The compositions disclosed herein can be administered to a subject in a therapeutically effective amount. As used herein the term “effective amount” or “therapeutically effective amount” means a dosage sufficient to treat, inhibit, or alleviate one or more symptoms of the disorder being treated or to otherwise provide a desired pharmacologic and/or physiologic effect. The precise dosage will vary according to a variety of factors such as subject-dependent variables (e.g., age, immune system health, etc.), the disease, and the treatment being effected.

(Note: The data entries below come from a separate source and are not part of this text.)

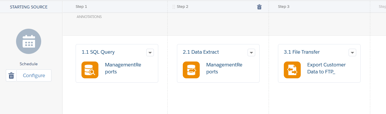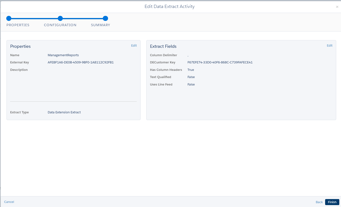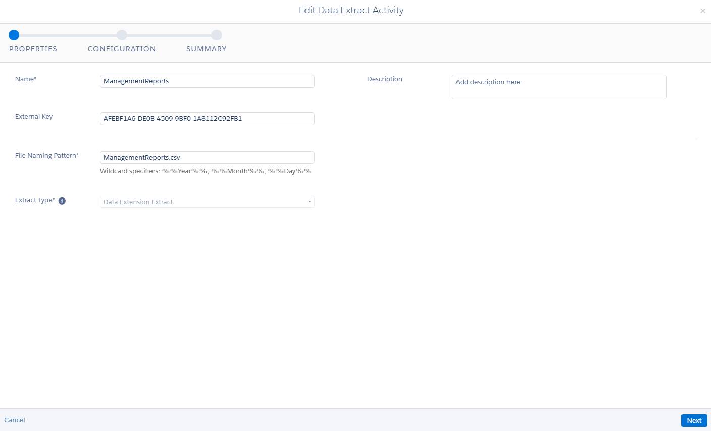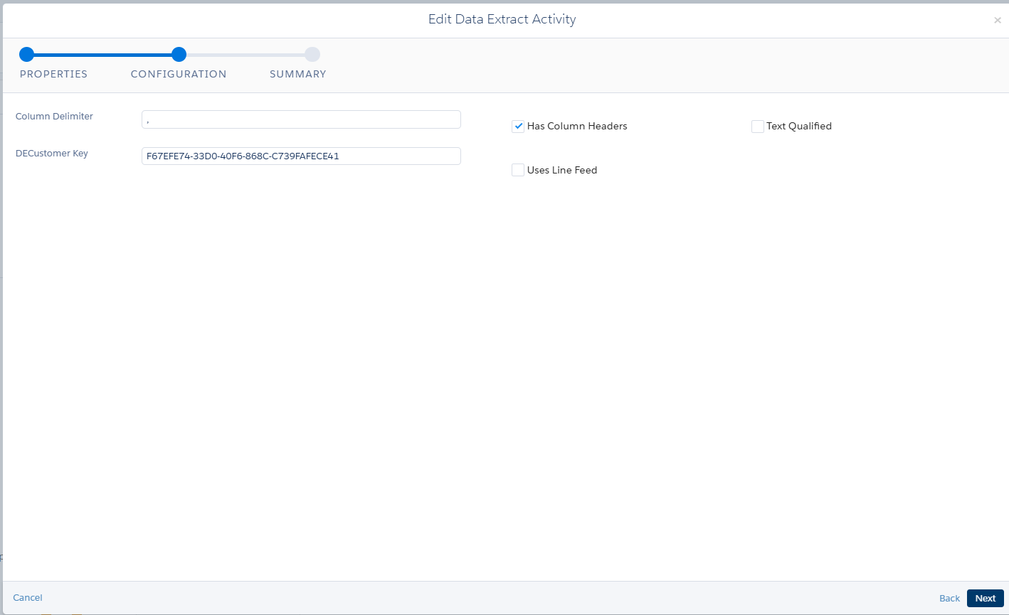 2. The data extract activity exports data from Data extension and uploads the file to SFMC Safehouse in .CSV format.
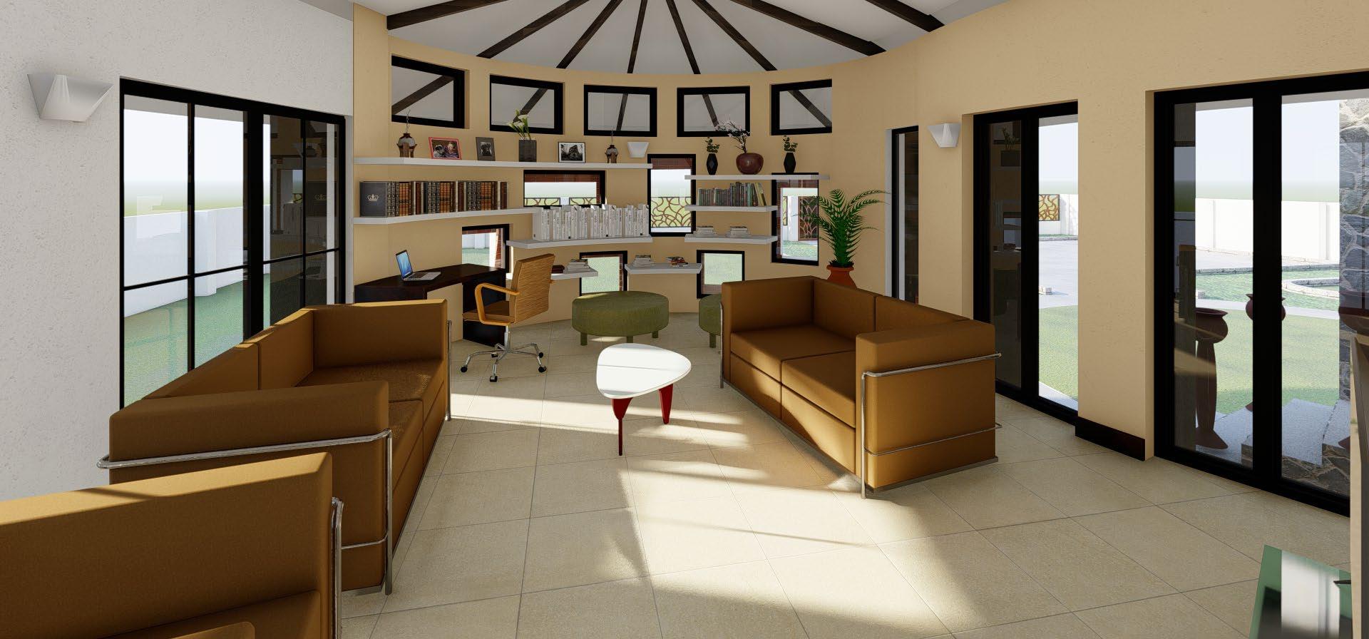 The interior of the house complements its African-inspired exterior by creating a warm and inviting ambiance, blending natural elements with modern touches. Hardwood doors introduce a rich, organic feel, harmonizing with the overall earthy aesthetic. The floors are laid with cream-colored tiles, which brighten the space and provide a neutral base for the interior design. In the bathrooms, grey tiles are used to add a cool, modern contrast, balancing the warmth of the other elements and contributing to the clean, contemporary feel.
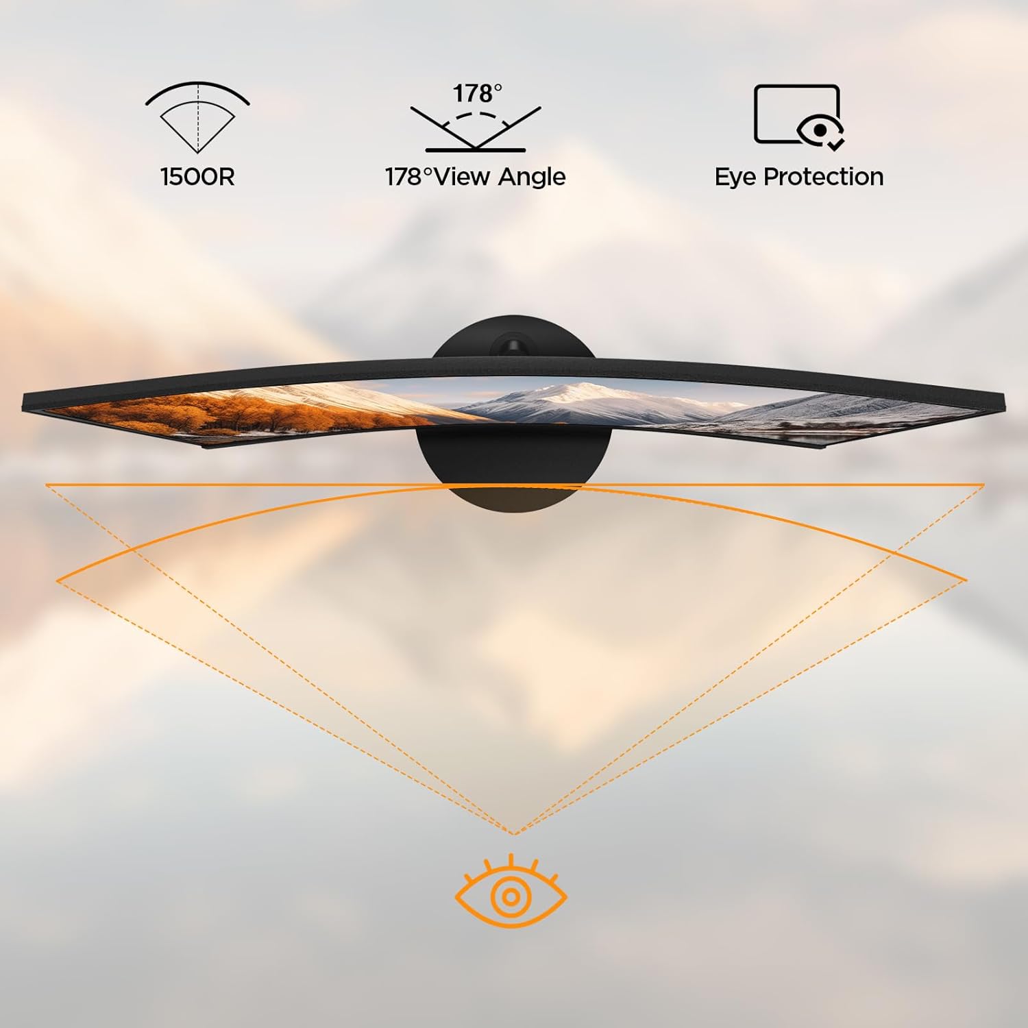 - R1500 CURVED MONITOR: KOORUI 24 inch computer monitor delivers a revolutionary visual experience with a leading 1500R screen curvature as the images appear to wrap around you for an in depth, immersive experience, warm tip: this monitor do not support VESA mount.

For the disclosed F. dibotyo nutraceutical compositions, as further studies are conducted, information will emerge regarding appropriate dosage levels for treatment of various conditions in various patients, and the ordinary skilled worker, considering the therapeutic context, age, and general health of the recipient, will be able to ascertain proper dosing. The selected dosage depends upon the desired therapeutic effect, on the route of administration, and on the duration of the treatment desired. For the disclosed F. dibotyo nutraceutical composition, generally dosage levels of 0.1 mg to 10 g are administered to mammals. The preferred dose of F. dibotyo extract is 150 mg per dose, twice a day.

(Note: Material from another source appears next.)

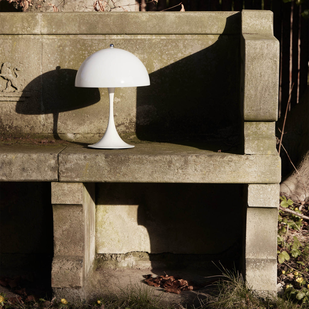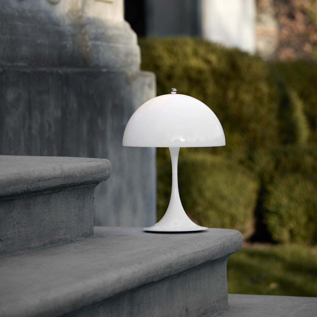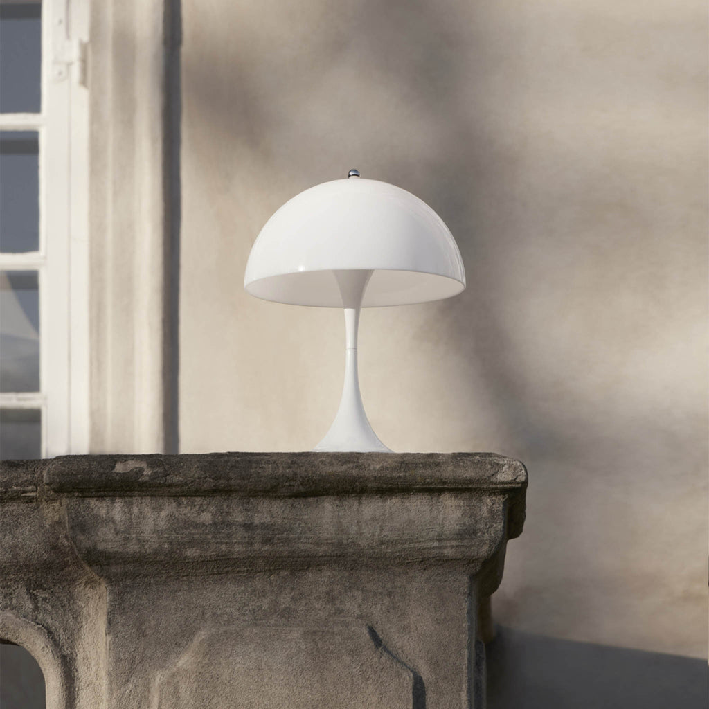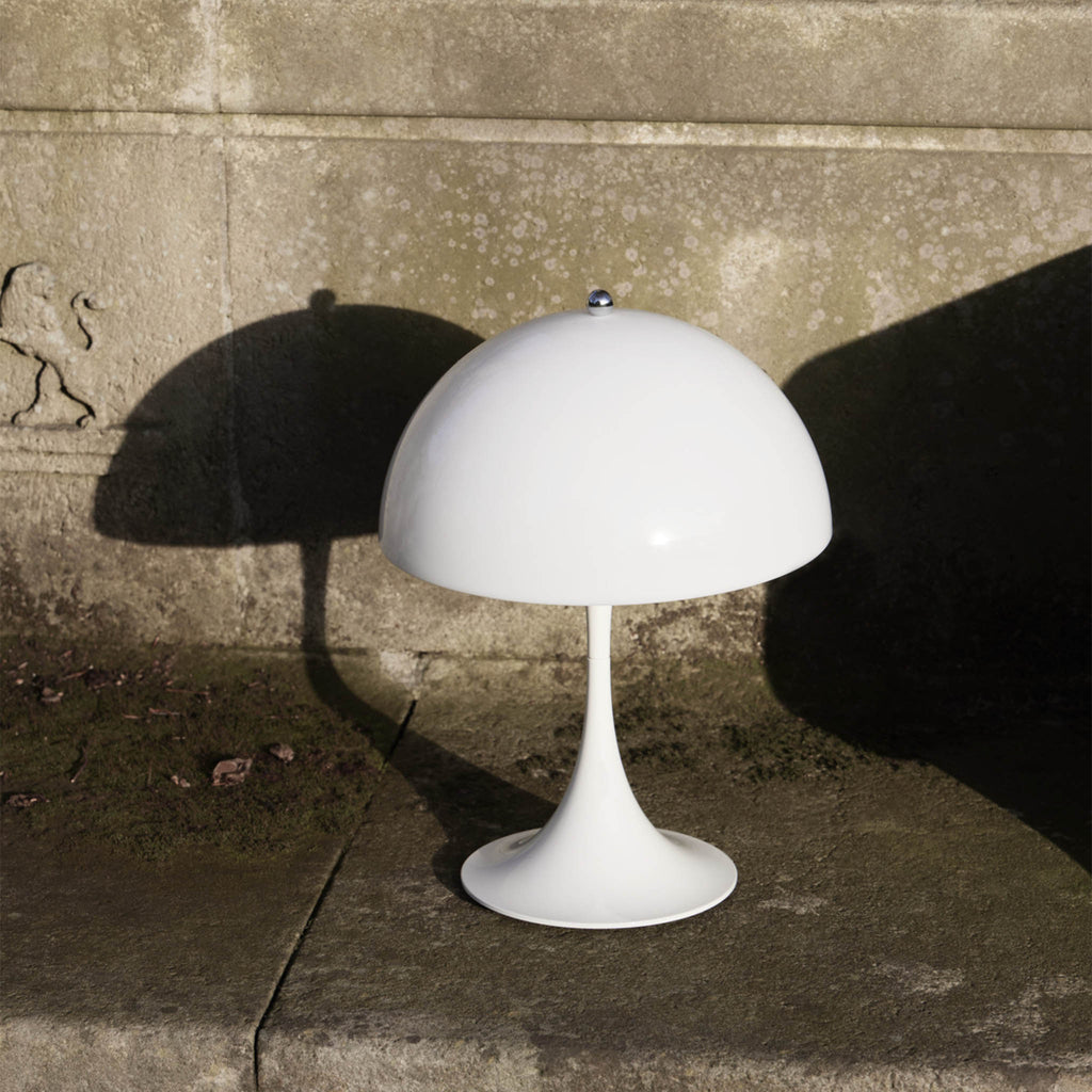 O modelo Panthella 250 é uma das duas versões portáteis e sem fios dos candeeiros de mesa Panthella. Oferece uma solução de tamanho convencional, moderna e flexível, com a conveniência da bateria recarregável que permite facilmente transportá-lo entre divisões da casa ou utilizá-lo no exterior, na varanda ou no jardim.

In some embodiments the compositions are formulated for oral delivery. Oral solid dosage forms are described generally in Remington's Pharmaceutical Sciences, 18th Ed. 1990 (Mack Publishing Co. Easton Pa. 18042) at Chapter 89. Solid dosage forms include tablets, capsules, pills, troches or lozenges, cachets, pellets, powders, or granules or incorporation of the material into particulate preparations of polymeric compounds such as polylactic acid, polyglycolic acid, etc. or into liposomes. Such compositions may influence the physical state, stability, rate of in vivo release, and rate of in vivo clearance of the disclosed. See, e.g., Remington's Pharmaceutical Sciences, 18th Ed. (1990, Mack Publishing Co., Easton, Pa. 18042) pages 1435-1712, which are herein incorporated by reference. The compositions may be prepared in liquid form, or may be in dried powder (e.g., lyophilized) form. Liposomal or proteinoid encapsulation may be used to formulate the compositions. Liposomal encapsulation may be used and the liposomes may be derivatized with various polymers (e.g., U.S. Pat. No. 5,013,556). See also Marshall, K. In: Modern Pharmaceutics Edited by G. S. Banker and C. T. Rhodes Chapter 10, 1979. In general, the formulation will include the F. dibotyo nutraceutical composition and inert ingredients which protect the composition in the stomach environment, and release of the biologically active material in the intestine.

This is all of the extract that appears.